Written by Bella Vanderwall, Missionary to Oakdale, California

The A Jesus Mission headquarters in Modesto, CA also serves as a home for 11 people. It’s a 4-bedroom house with a small apartment above the garage on about an acre of land. Plus a barn, storage shed, and tool shed in the large backyard where ministry and life happens. Currently we have 5 single people and two married couples with babies living here (though we’ve had up to 17 people living here in the past). Community living is extremely difficult. But that difficulty leads to growth, deeper relationships, and provision. I moved here one week after I turned eighteen. Bleach-blonde Bella, immature in her person and her faith, ready to conquer the world. Two of the initial things I struggled with the most were being under Godly leadership and my work ethic.

Being under Godly leadership was something I really needed, I had gone far too long rebelling against leadership and it was getting me no where good. But this meant that now I would get called out and called higher. I had a really hard time transitioning into a world with no gossip, where we are loving to people even if they bother us, where your problems with someone have to be addressed because you might end up sleeping in the same room as them. I’m very thankful that this community I am a part of is one that pushes loving and clear communication. We have worked hard to be intentional to go straight to someone if we have an issue with them. Confrontation doesn’t have to be scary when both parties go into it with humble and loving hearts.

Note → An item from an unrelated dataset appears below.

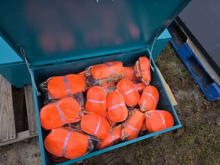 Specification:W2in*L27ft-5T Ratchet (QTY of 16) & W1.5in*L27ft-3T Ratchet (QTY of 8) & Flatpack Tool Box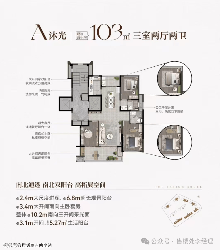 这个户型收纳洗衣便捷高效,设有大开间家政阳台。厨房洗切烹煮一气呵成,公卫干湿分离,互不影响。客厅与餐厅连通,空间开阔。套房式主卧,搭配大进深尺度阳台,拥有宽幕观景视野。南北通透,南北双阳台设计,拓展空间大。南向主卧套房开间 3.4m,还有 2.4m 大尺度进深、6.8m 超长观景阳台,整体 10.2m 南向三开间采光面,阳光满满。

My work ethic was the other struggle for me, I was now in a place where much of my schedule was not up to just me. For example, there was a season where we would have Bible study all together at 7am sharp and then spend the summer workday pulling weeds or building bunk beds. Anyone who knows me, knows that I am not a morning person. Before moving here, I was often still asleep at 7am, and even if I was awake I certainly wasn’t ready to engage in a theological discussion. That was definitely very stretching for me. I was coming straight from doing a gap semester after graduating highschool, where other than my 25 hours a week that I worked, my schedule was fully up to me, so this was a big transition.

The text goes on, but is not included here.